Ross King details many ingenious designs of the day as well as much political intrigue. Filippo Brunelleschi’s archrival was Lorenzo Ghiberti, but he had other adversaries in various competitions for prestigious artistic and architectural contracts. I found discussion of other projects by Ghiberti, Brunelleschi, Donatello, and Giotto interesting, as well as literary cross-references, such as Brunelleschi’s study of Dante, Boccaccio’s devoting one of his Decameron tales to Giotto’s appearance, Manetti’s 1480s biography Life of Brunelleschi, and others.



Just as Greek essayist Plutarch had criticized an emperor’s palace, and Roman authors Pliny and Frontinus had blasted the Seven Wonders of the World as foolish displays of wealth, Ross King brings up the possibility of critics claiming biblical Tower of Babel motives for builders of Il Duomo.
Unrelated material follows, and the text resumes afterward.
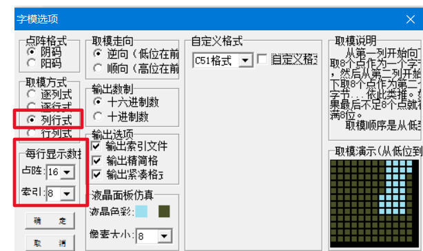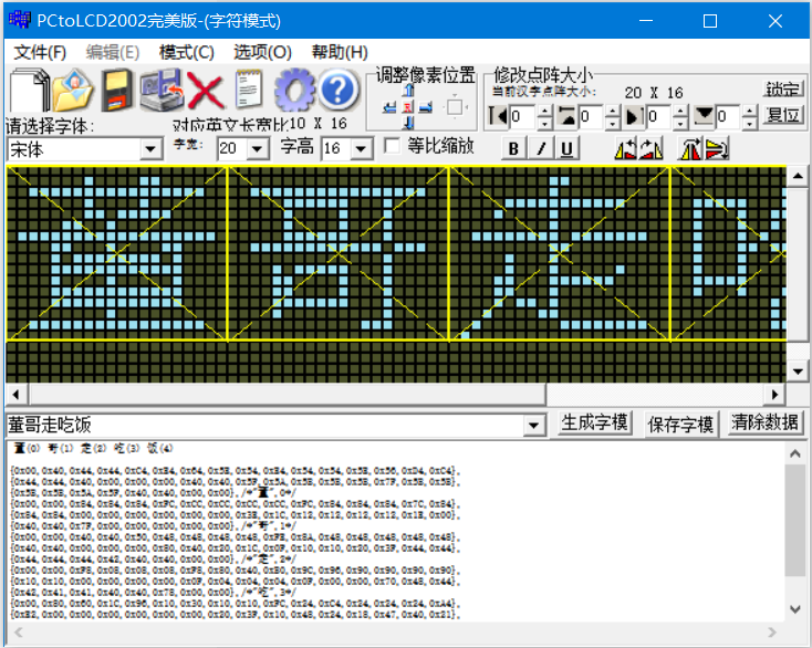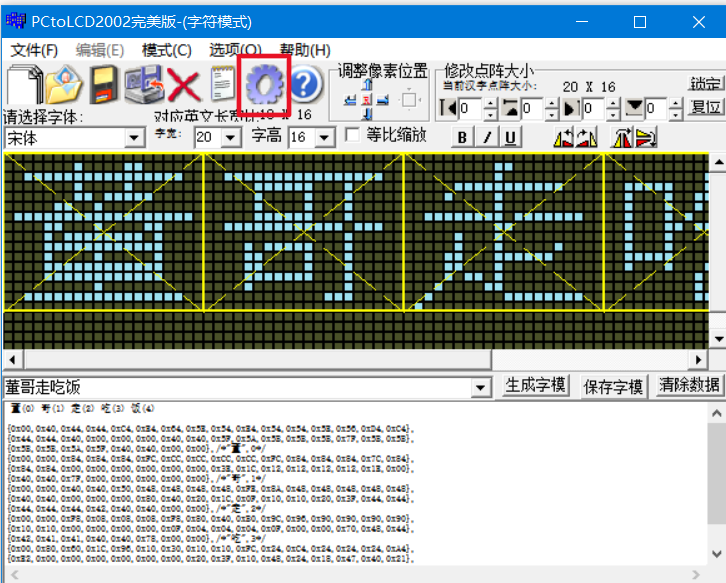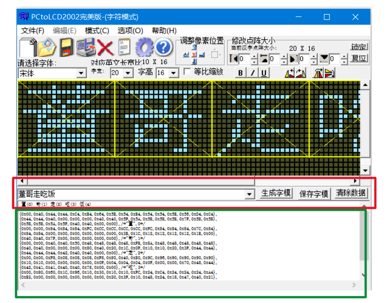 (1)在红色框中输入想要显示的中文,点击“生成字模”

Were Florentines trying to reach God in heaven in their own power? King says the fall of the Tower of Babel “is likewise an architectural version of the Fall of Man.” [page 101] King cites Il Duomo’s most likely critic, Leon Battista Alberti, who had called Egypt’s Pyramids “monstrous” and “insane,” as instead, praising Brunelleschi. “Alberti justifies the gigantic dimensions of the dome because they reveal both evidence of man’s God-given power to invent and the superiority of Florentine commerce and culture.” [page 102]



Florence’s system engendering fierce political competition for architectural projects certainly mirrors aspects of society today. This fascinated me. Technical engineering measurements, physics principles, and such, bogged me down a bit. That Brunelleschi, a master goldsmith, probably researched ancient Roman ruins to self-educate in engineering is a delight-inspiring proposal. Sociological information about plagues, wars, workers’ habits and threats, and the role of the Catholic Church set an interesting backdrop for the high drama of Brunelleschi’s many challenges. Ross King has footnoted and indexed his account. Considering how well-documented the book is, I was dismayed to find little mention of Brunelleschi’s relationship with his patron Cosimo de’ Medici, perhaps because he was in exile from Florence during most of the dome’s construction. Nonetheless, I enjoyed reading this book for an appreciation of man’s ingenuity and civilization’s progress. I hope to someday appreciate Brunelleschi’s magnificent dome in person.